How does the content recommendation engine work, and how do I adjust the factors that drive it?
If your site makes use of the content recommendation engine, this article outlines how it works.
Not sure if your site uses a content recommendation engine? Do you have an element on either your homepage or your website's right or left rails that is titled "Recommended" or "You should read ..."? If you aren't sure, talk to your Solutions Manager. Here's an example from ePublishing client WattAgNet.com. To see recommendations, you must have an account on the website.
How it works:
At its simplest: The content recommendation engine tells you as logged-in user which articles users like you have read on the website that you have not yet seen. The engine recommends articles you haven't read yet, but might be interested in because of shared characteristics with similar users.

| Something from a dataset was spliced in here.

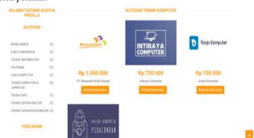
Gambar 3. Pemilihan Kategori

Pelamar dapat memilih kategori perusahaan yang menyediakan magang berbayar seperti gambar 3. Pada menu kategori akan ditampilkan informasi nama perusahaan dan jumlah magang yang dapat diajukan oleh pelamar.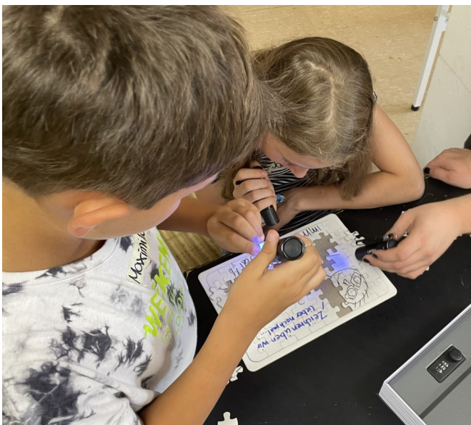
KJR Roth Medienmobil

Das Medienmobil unterstreicht die Wichtigkeit medienpädagogischer Projekte und schon jetzt können wir uns auf das kommende Jahr freuen, wenn es erneut auf Tour geht.

Here are the factors driving that decision:
- Has the logged-in user already read the article?
If so, he won't be offered the article as a suggestion.
- Are there one or more matching user demographic points for users based on their selections made when they registered or updated their account profiles?
See the example below featuring Derek and Elise for more details on this.
- Other factors: How many users you have on the system, how active they are once they are logged-in, and whether they fill in the user demographic fields on the Registration form / Account Profile form. These all factor into the relevancy of the content recommendation engine's offerings. Clearly the more logged-in users, the more traffic, and the more pageviews, the more useful the results will be.
We have two users:
- Derek, who identified as a CFO. His industry is regional banking.
- Elise, who identified as a CFO. Her industry is insurance.
Both Derek and Elise are active users of the site. Elise logs-in on Monday and reads six articles. Derek logs-in on Tuesday. His You might be interested in ... section of the homepage or in his right rail shows three of the articles Elise read the day before. Derek reads those three articles. When he returns to the site on Wednesday and looks at the You might be interested in ... area, those three articles will no longer be shown. But he will see other articles that Elise, the CFO, has read. Or he will see articles other users read that are in his industry of regional banking. If there are other users who share Derek's job title and industry, their reading habits will be offered as recommendations first.
How to control the content recommendation engine:
You can control the key characteristics that drive the content recommendation engine with the following actions. Assuming you have admin permissions, go to the SysAdmin menu bar and select User Demographics > List / Edit
Select the "Use for content recommendations" taxonomy (1) and then the "Get associated master details" (2).
The resulting list includes the custom user demographic questions that drive the content recommendations.
And now you may be realizing you either only have one type of user data driving recommendations, or you want to change what is being used.
To change or update the data used for content recommendations, assuming you have permissions, go to the SysAdmin menu bar and select User Demographics > List / Edit.
Select the Custom Input (or parent of "Use for content recommendations") taxonomy (1) and then the "Get associated master details" (2).
Click the name of one you know isn't already associated with the content recommendations.
To remove a user demographic used for content recommendation:
In the User Demographic Manager, select "Use for content recommendation" and click "Get associated master details."
The resulting list includes the custom user demographic questions that are driving the content recommendations. Click the name of the one you want to remove.
Scroll down to the Classification taxonomy and de-select the "Use for content recommendations" taxonomy.
You may have to wait at least 15 minutes to start seeing recommendations populate based on your new selections.